Sub-Organization: SunPy

Student Information

• Name: Yudhik Agrawal

• Time Zone: +05:30 GMT

• IRC Handle: yudhik

• Github ID: yudhik11

• Instant Messaging: Google Hangout: yudhik100@gmail.com

University Information

• University: International Institute of Information Technology, Hyderabad

• Major: Computer Science and Engineering

• Current Year: Second Year (4th semester ongoing)

• Expected Graduation Date: 2021

• Programme: Bachelor of Technology (B.Tech) and Master of Science in Computer Science and Engineering by Research (Dual degree)

Work and Open Source Experience

• Hackathons -- megathon (inter-college) and amazon alexa hackathon(going at present)

• Currently a core member of IIIT-Coding Club

• Made a 2D game and 3D game in OpenGL

• Made an AI tic-tac-toe bot

• Contributed in scilab

• Js13k game (JavaScript coding competition)

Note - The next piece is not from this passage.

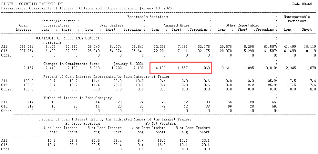 (CFTC最新一周(截止至20260113)白银期货与期权合并持仓报告,多头减仓4170手)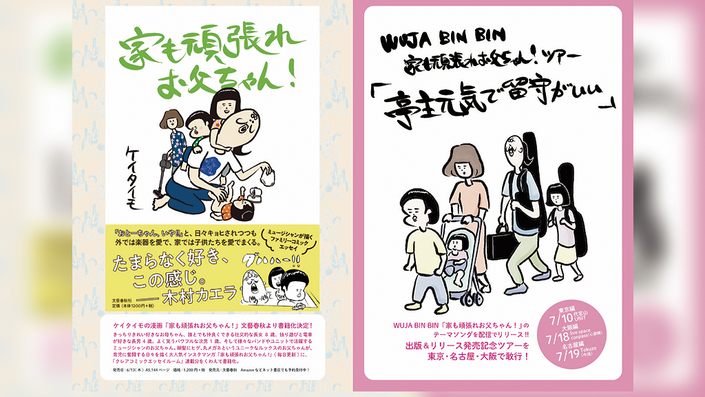元BEAT CRUSADERSのケイタイモ主宰による13人編成のプログレ吹奏楽団WUJA BIN BINが、6月に出版したケイタイモ自身の漫画『家も頑張れお父ちゃん!』の書籍出版を記念して、同作テーマソング「family affair」を配信リリースすることが発表となった。

• Operating System: I use Ubuntu and Windows. Apart from the above projects, I am also proficient in C/C++ and I also love to participate in competitive programming.

PR links

• Sunpy:

  • Region of Interest Object

    • (WIP) https://github.com/sunpy/sunpy/issues/164

  • Functionality of concatenation of two Unified Responses from fido.fetch

    • (Open) Overrode + operator for UnifiedResponse object

  • The simple extension to Map Stonyhurst grid plotting.

    • (Merged) Fixed Padding values in some of the documentation pages

  • importing lightcurve and net under Python 2 ends the world

    • (WIP) https://github.com/sunpy/sunpy/issues/2122

  • Solved instant disappearing of timeseries plot

    • (Contributed in) https://github.com/sunpy/sunpy/pull/2467

• Scilab:

  • Arguments passed to the function in wrong order

    • (Merged) Arguments in wrong order

  • Typecasting wrong data type

    • (Merged) Sizeof not portable

  • Data Race condition

    • (WIP) Data Race condition

  • Storing a long number in int

    • (WIP) Bad bit shift operation

  • Division or modulo by zero

    • (WIP) Division or modulo by zero

  • Pointer value was not freed before returning

    • (WIP) Resource Leak

  • Null value being accessed

    • (WIP) Explicit null dereferenced

  • Useless call being made/ Dead code

    • (WIP) Useless call

Project Proposal Information

Project: Region of Interest

Mentors : dpshelio ,wafels

Abstract

This project will need to redesign roi.py and chaincode.py to work well with coordinates used in the ROI and will cover not only images but other dimensions (timeseries or multidimensional data). This project aims to design and implement an object so that we can find ROI in any physical dimension ( such as spatial area or temporal range and interact with the rest of data types used in sunpy).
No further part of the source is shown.